Titanic Survivor Prediction
Table of contents
Introduction
Project made in Jupyter Notebook with Kaggle Titanic dataset, which aims at detailed data analysis and prediction of which passengers survived the sinking of the Titanic.
Data description
pclass: A proxy for socio-economic status (SES)
1st = Upper
2nd = Middle
3rd = Lower
age: Age is fractional if less than 1. If the age is estimated, is it in the form of xx.5
sibsp: The dataset defines family relations in this way...
Sibling = brother, sister, stepbrother, stepsister
Spouse = husband, wife (mistresses and fiancés were ignored)

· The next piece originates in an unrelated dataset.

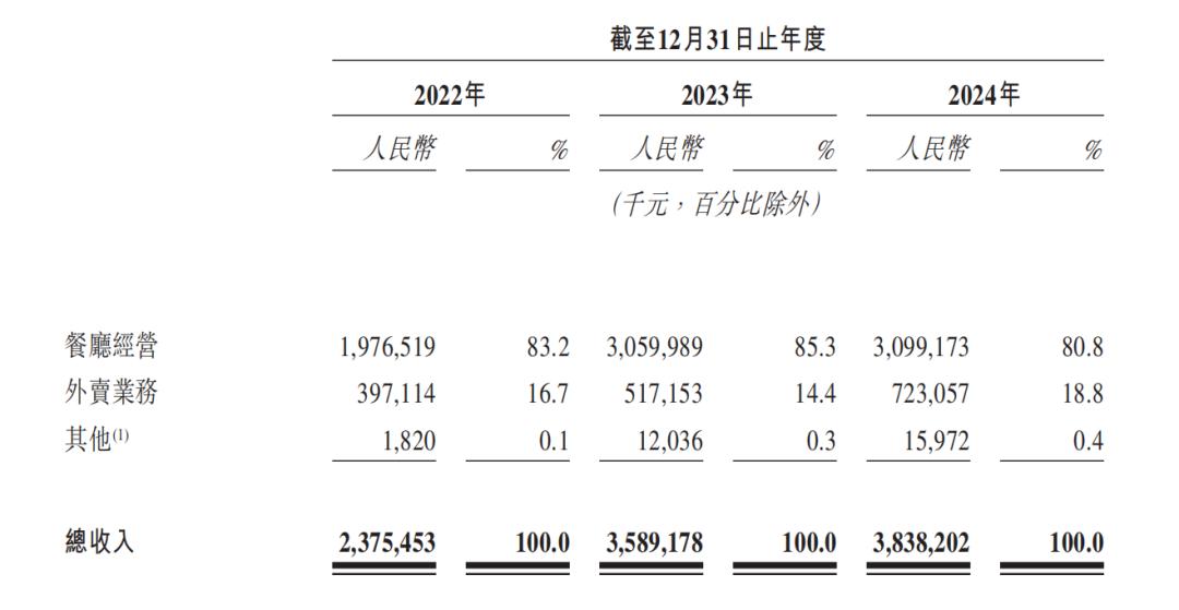 业绩上来看,2022年至2024年,绿茶集团的营业收入分别为人民币23.75亿、35.89亿和38.38亿元,相应的净利润分别为人民币0.17亿、2.96亿和3.50亿元,显示出一定的盈利能力。公司将业绩增长归因为餐厅数量增加。
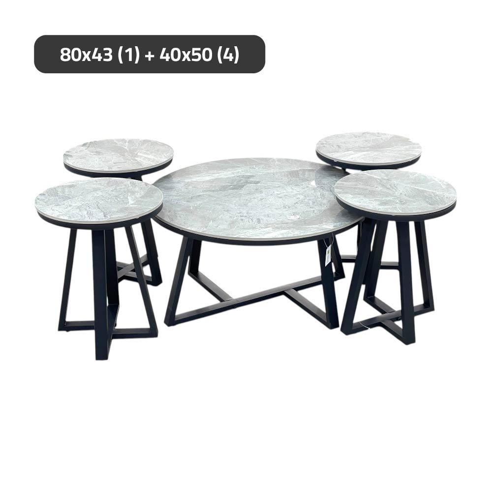 طقم مكون من 5 طاولات, طاولة كبيرة الحجم, و4 طاولات صغيرة.

parch: The dataset defines family relations in this way...
Parent = mother, father
Child = daughter, son, stepdaughter, stepson
Some children travelled only with a nanny, therefore parch=0 for them.
Methods used
- Cleaning Data
- Statistical Inference
- Exploratory Data Analysis (EDA)
- Data Visualization
- Supervised Machine Learning Algorithms: Logistic Regression, Random Forest, Naive Bayes, K-nearest Neighbors, SVC
Technologies used
- Python 3.8.8
- Pandas 1.2.4
- Matplotlib 3.3.4
- Seaborn 0.11.1
- Sklearn 0.24.1